We are grateful to Slouma and associates for mirroring our thought processes in the letter [1] in response to our review on reactive arthritis (ReA) before and after COVID-19 [2].

They have reiterated the need to differentiate infective viral arthritis from post-viral reactive arthritis. The initial concept of ReA was that it was a para-infectious arthritis due to an autoimmune phenomenon without direct invasion of the infectious agents into the synovium. However, the demonstration of Chlamydial elementary bodies [3] or bacterial DNA [4] in joints of “ReA” has blurred this distinction. The time period between the infection and the onset of arthritis may be important, but in post-streptococcal reactive arthritis, this gap is very small [5]. Even in the case of COVID-19, this time gap is not known and our review included all cases labelled as the authors by post-COVID ReA to demonstrate how variable the interpretation could be. Ultimately, the immunopathogenesis of post-COVID ReA must be understood to be able to differentiate it from acute viral arthritis [6].

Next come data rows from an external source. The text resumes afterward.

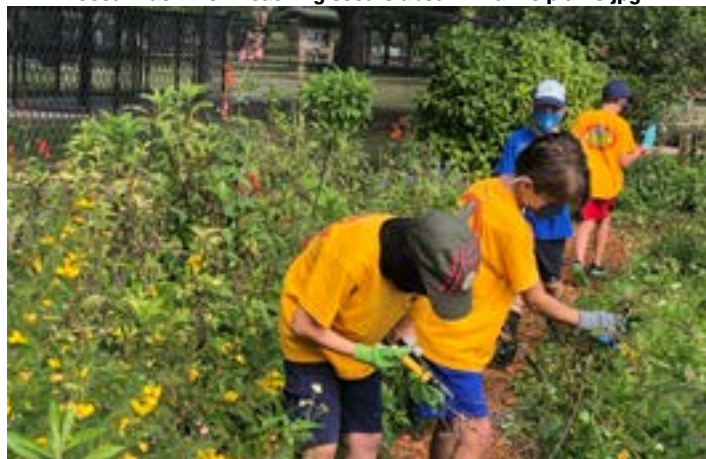
Scout Pack 125 at Butterfly Garden.jpg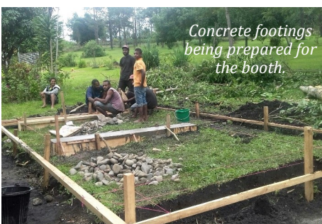
Concrete footings being prepared for the booth.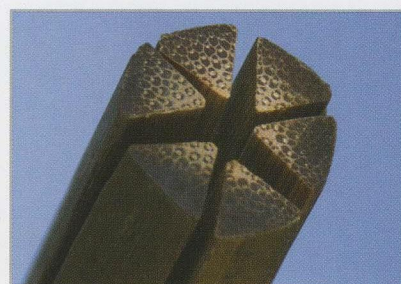
MILLED AND TAPERED BAMBOO SECTIONS READY TO BE GLUED INTO A HEXAGONAL BLANK.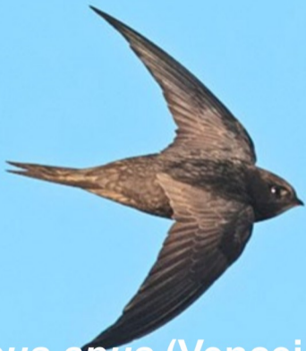
Apus apus (Vencejo común)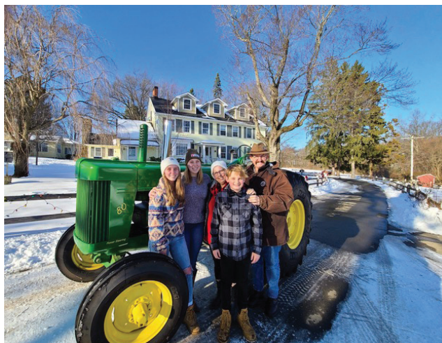
The Alstede Family.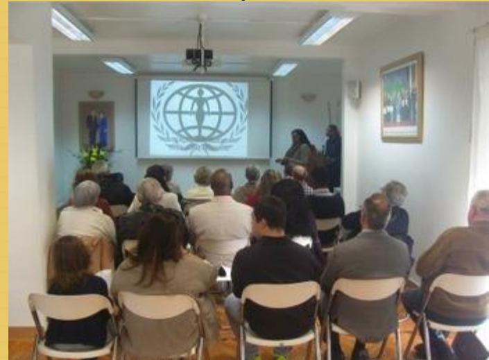
« Conquering True Freedom », WFWP Portugal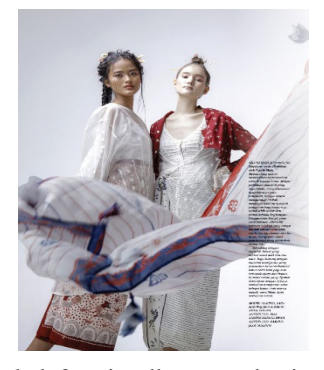
Figure 7. Batik cloth functionally returned to its root (see Figure 1 and 2), made by emerging designer, Chitra Subijakto for Sejauh Mata Memandang brand (Dewi magazine, 2019)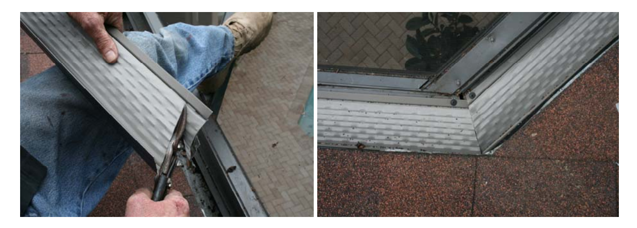
Panels may be easily cut-to-fit using sheet metal snips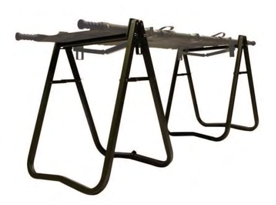
MedEvac4 Tactical Litter Stand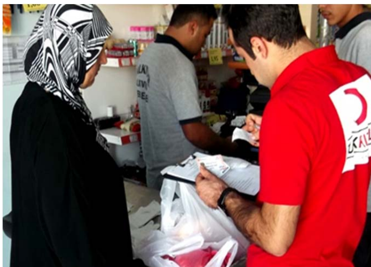
TRC personnel monitoring the use of the Kizilay Card by Syrian families living in camps. The card is part of a cash transfer programme for food in joint venture with WFP.

In addition to the existing provision and distribution of basic shelter and non-food items, hygiene and sanitation, a major additional component of the revised strategy is to assist the target population during the approaching harsh winter conditions experienced in south-eastern Turkey, where most of the camps are located. Various partners will continue to support the TRC in addressing other needs such as food, psychosocial activities, and remedial education. This revised Appeal is being issued concurrently with the revision and launch of the Syria Complex Emergency appeal (n° MDRSY003) and the regional population movement appeal for Iraq, Jordan, and Lebanon (n° MDR81003).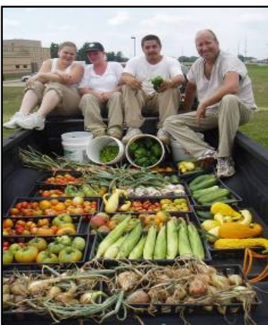
Master Gardeners Help Support Local Food Pantries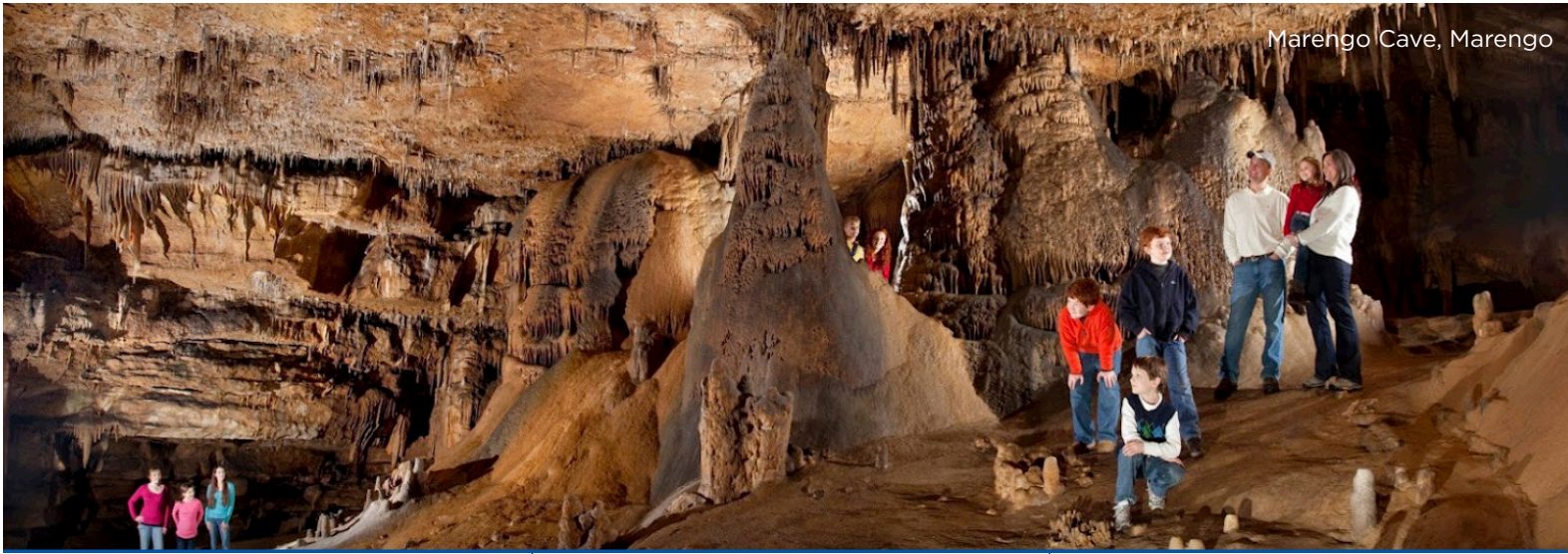
Marengo Cave, Marengo

Slouma and associates are correct that certain drugs may precipitate or unmask rheumatic symptoms. However, if they check Table 1 in the review, they will see that most patients have received only non-steroidal anti-inflammatory drugs, and oral, parenteral or intra-articular steroids [2]. Also, in most of the case reports, the respective authors have specified how they have excluded other diagnoses before making a diagnosis of post-COVID ReA.

Autoimmune/inflammatory syndrome induced by adjuvant (ASIA) can be considered a differential diagnosis for post-vaccination ReA. Most of the post-vaccination autoimmune phenomena will meet the criteria for ASIA [11]. However, there are some controversies raised about this entity [12] and the mere swapping of names will not leave anyone the wiser.

This letter has helped bring out the message from our review. The various controversies related to ReA diagnosis are summarized in Table 1. Whether the concept of post-COVID ReA should be treated as a separate entity needs to be explored. Large online surveys of treating physicians and multi-national cohort studies of reactive arthritis are required to analyse the concept of viral arthritis and post-COVID-19 joint involvement during the pandemic. This should be a clarion call to clinicians and rheumatology societies worldwide to get together to update and craft better classification criteria enabling better understanding of this enigmatic entity.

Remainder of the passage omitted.